Genome-wide analysis of enhancer RNA in gene regulation across 12 mouse tissues

Abstract

Enhancers play a crucial role in gene regulation but the participation of enhancer transcripts (i.e. enhancer RNA, eRNAs) in regulatory systems remains unclear. We provide a computational analysis on eRNAs using genome-wide data across 12 mouse tissues. The expression of genes targeted by transcribing enhancer is positively correlated with eRNA expression and significantly higher than expression of genes targeted by non-transcribing enhancers. This result implies eRNA transcription indicates a state of enhancer that further increases gene expression. This state of enhancer is tissue-specific, as the same enhancer differentially transcribes eRNAs across tissues. Therefore, the presence of eRNAs describes a tissue-specific state of enhancer that is generally associated with higher expressed target genes, surmising as to whether eRNAs have gene activation potential. We further found a large number of eRNAs contain regions in which sequences and secondary structures are similar to microRNAs. Interestingly, an increasing number of recent studies hypothesize that microRNAs may switch from their general repressive role to an activating role when targeting promoter sequences. Collectively, our results provide speculation that eRNAs may be associated with the selective activation of enhancer target genes.

Figure 1. Proportions of number of En_eRNA and En_no-eRNA.

Red denotes the percentage of enhancers transcribing eRNAs. Blue denotes those not transcribing eRNAs.
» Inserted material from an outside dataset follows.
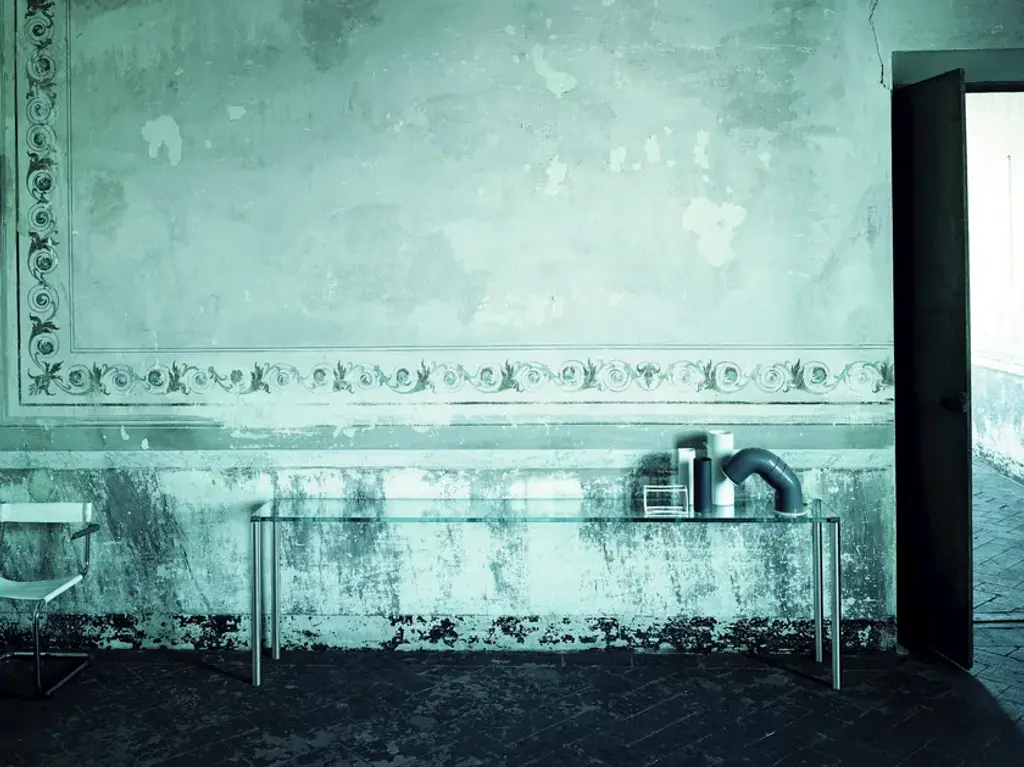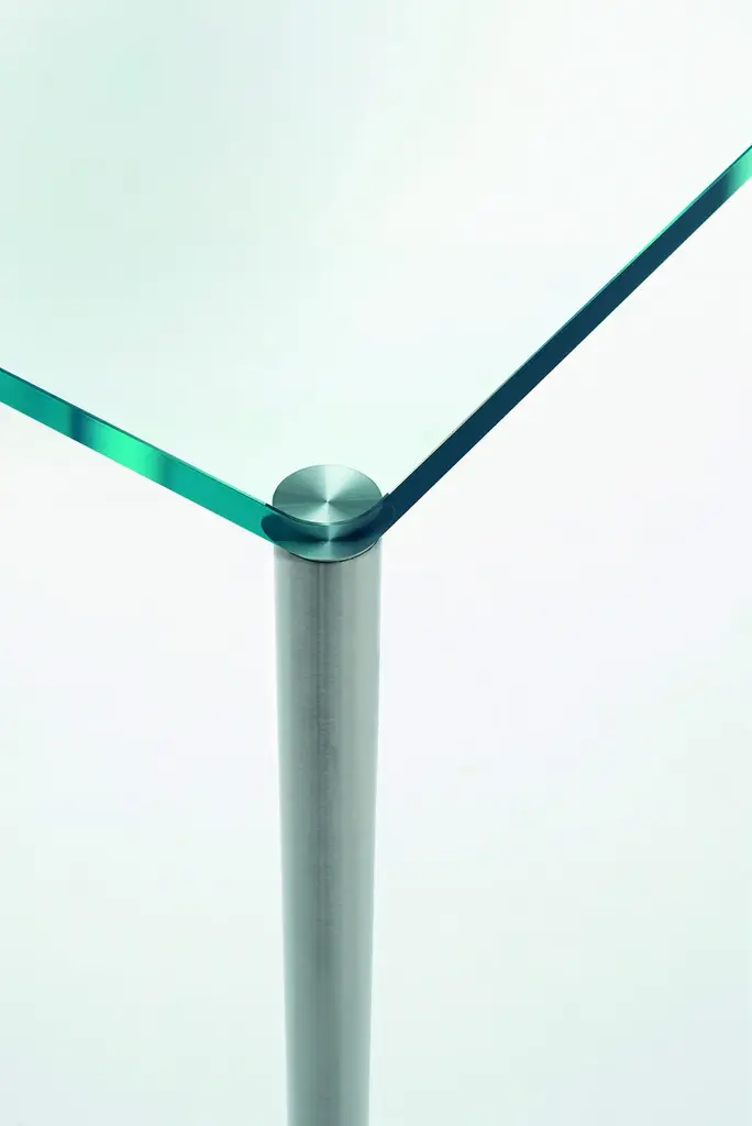 Metal is a series of high, low tables and consoles with top in mm 19 thick transparent and transparent extralight tempered glass.The cylindrical feet diameter Ø 50 mm are in brushed aluminum anodized inox, bronze or black and are fixed to plates glued to the top.FINISHES:- Transparent glass- Transparent extralight glassAVAILABLE CUSTOM MADE

The black line represents the 50% cutoff. The number of enhancers with and without eRNAs is listed to the left of the bar graph. The number of eRNAs is listed to the right of the bar graph.

Figure 2. Correlation of expression level of eRNAs with the enhancer’s target gene or flanking regions.

Each bar represents the Pearson correlation between the expression level of eRNA and target gene (red), eRNA and 0–1 k flanking region (dark green), eRNA and 1–2 k flanking region (green), or eRNA and 2–3 k flanking region (light green). The expression level is calculated by BPKM. Significance is denoted by ^*p-value < 0.001; ^***p-value < 10⁻⁵.

Figure 3. Expression level of target genes of En_eRNA and of En_no-eRNA.

Each box represents the distribution of the BPKM of the target genes of En_eRNA and of En_no-eRNA. Significance is determined by a one-sided Wilcoxon-rank sum test. ^*p-value < 0.001; ^***p-value < 10⁻⁵.

Figure 4. Expression level of the same target genes of the same positioned enhancers across tissues.

Z-scores of the BPKM were calculated for each tissue. Each dot represents the average expressions (z-scores) of the same gene targeted by the same positioned En_eRNA or En_no-eRNA (see Material and Methods). The red line is least rectangles regression. The grey line is a reference diagonal line with a slope of one. For presentation, the axes are limited to three times the standard deviation of the average z-scores.

Figure 5. eRNA matches to miRNAs and other RNAs.

Dots in each plot represent the significant test statistics of eRNAs matching to miRNAs (denoted by red circles) or other RNAs (denoted by blue triangles). Significances were estimated using a two-proportion t-test, which tests the eRNA matches to miRNA versus other RNAs against random intergenic control data. The trend lines are least rectangles regression for miRNA data (red) and other RNA data (blue). For presentation, all axes are limited to 0.35 and represent the ratio of hits to a specific RNA family to the total number of significant hits from Rfam.